§ PROBLEM TO WORK ON
Copy the lines below exactly, starting at the one with "水切りワイパーとしても活躍:お風呂場や窓" and ending at the one with "今天,山东聊城公安局茌平分局", and leave out any picture.

§ MATERIALS PROVIDED
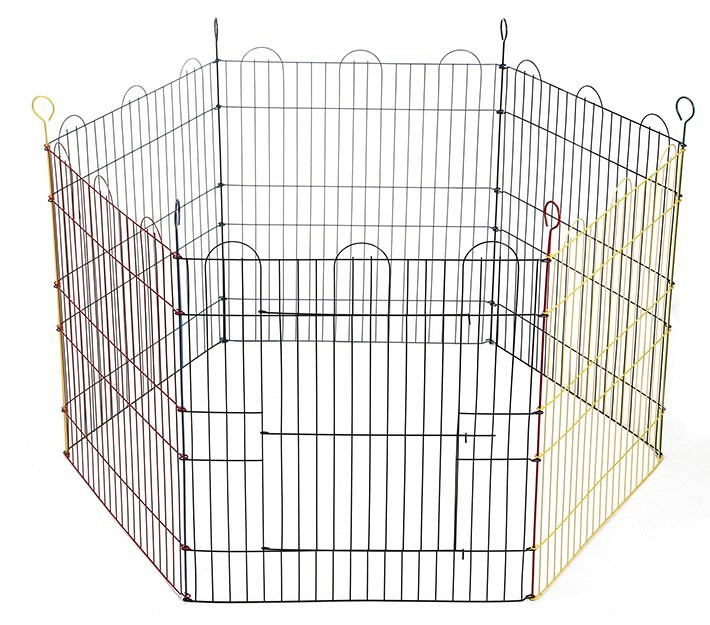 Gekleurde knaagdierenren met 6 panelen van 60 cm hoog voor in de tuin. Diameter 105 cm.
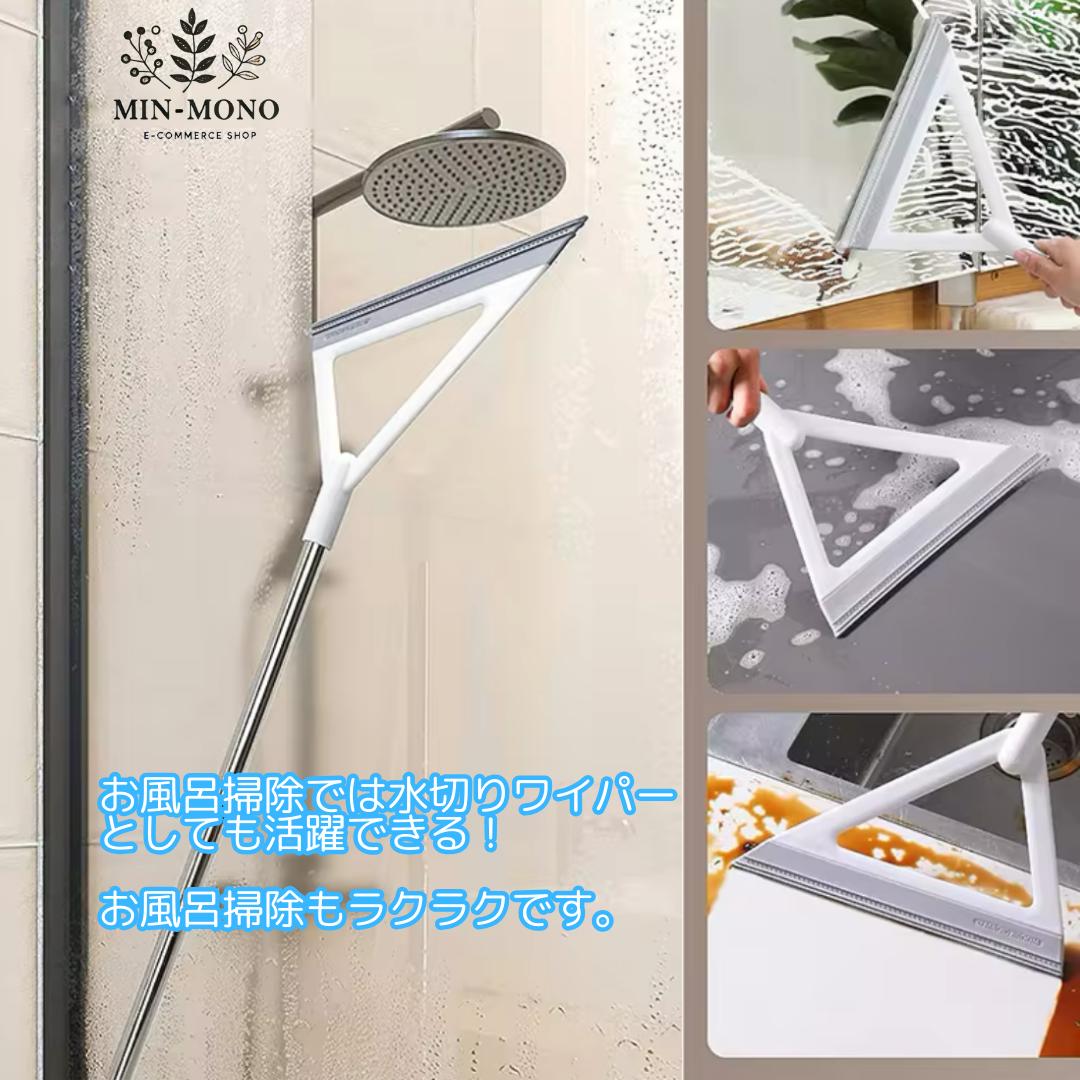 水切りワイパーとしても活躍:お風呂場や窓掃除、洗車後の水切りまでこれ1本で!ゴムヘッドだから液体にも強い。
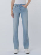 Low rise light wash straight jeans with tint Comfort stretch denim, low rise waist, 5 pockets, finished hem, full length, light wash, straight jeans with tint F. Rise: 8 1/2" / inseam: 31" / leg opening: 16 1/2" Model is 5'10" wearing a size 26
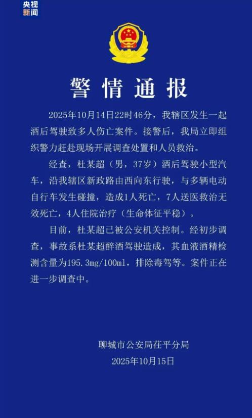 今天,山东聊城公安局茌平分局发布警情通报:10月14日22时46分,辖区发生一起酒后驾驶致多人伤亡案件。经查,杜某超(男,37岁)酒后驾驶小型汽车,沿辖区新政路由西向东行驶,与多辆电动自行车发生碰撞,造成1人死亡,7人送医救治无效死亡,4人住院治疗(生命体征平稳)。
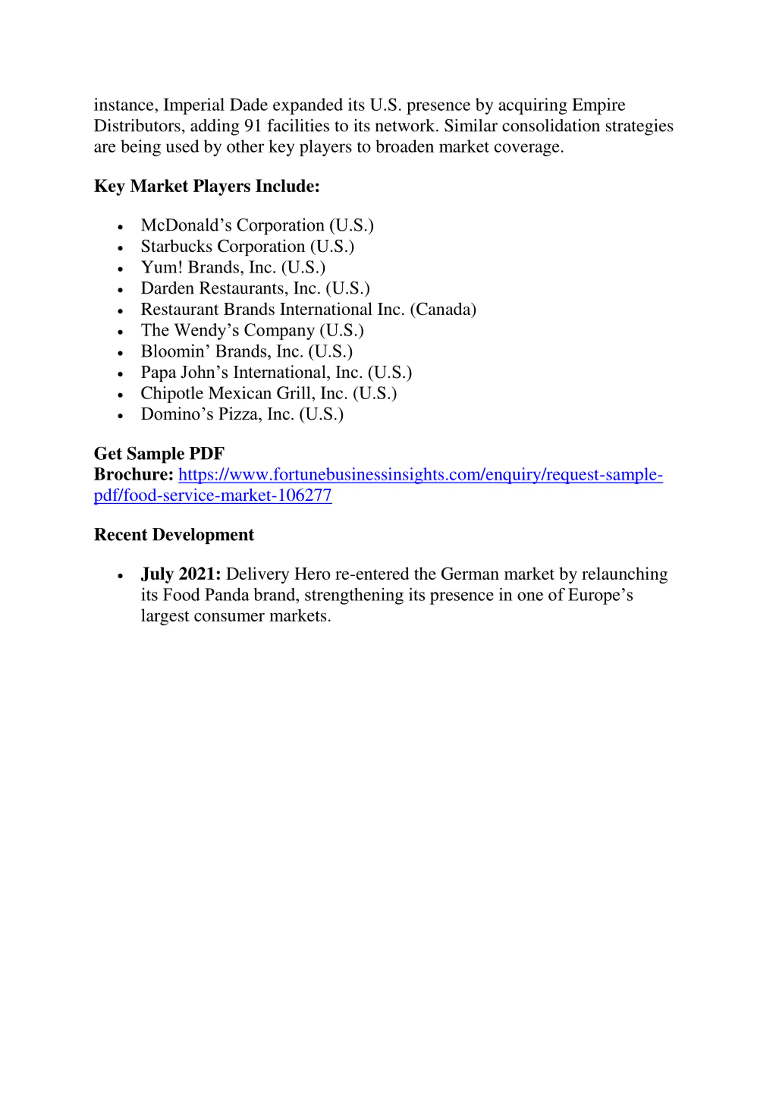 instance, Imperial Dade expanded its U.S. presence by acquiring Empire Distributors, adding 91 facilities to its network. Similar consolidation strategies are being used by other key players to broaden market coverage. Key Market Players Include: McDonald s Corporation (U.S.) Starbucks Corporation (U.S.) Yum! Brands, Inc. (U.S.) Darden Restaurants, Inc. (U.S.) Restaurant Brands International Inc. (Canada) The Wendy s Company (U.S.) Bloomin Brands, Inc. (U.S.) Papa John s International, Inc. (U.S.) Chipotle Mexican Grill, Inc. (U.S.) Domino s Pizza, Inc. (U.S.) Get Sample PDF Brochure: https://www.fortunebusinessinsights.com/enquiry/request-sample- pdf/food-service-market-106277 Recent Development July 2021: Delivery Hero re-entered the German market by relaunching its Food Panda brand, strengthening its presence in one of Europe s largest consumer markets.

§ WRITTEN ANSWER
 水切りワイパーとしても活躍:お風呂場や窓掃除、洗車後の水切りまでこれ1本で!ゴムヘッドだから液体にも強い。
 Low rise light wash straight jeans with tint Comfort stretch denim, low rise waist, 5 pockets, finished hem, full length, light wash, straight jeans with tint F. Rise: 8 1/2" / inseam: 31" / leg opening: 16 1/2" Model is 5'10" wearing a size 26
 今天,山东聊城公安局茌平分局发布警情通报:10月14日22时46分,辖区发生一起酒后驾驶致多人伤亡案件。经查,杜某超(男,37岁)酒后驾驶小型汽车,沿辖区新政路由西向东行驶,与多辆电动自行车发生碰撞,造成1人死亡,7人送医救治无效死亡,4人住院治疗(生命体征平稳)。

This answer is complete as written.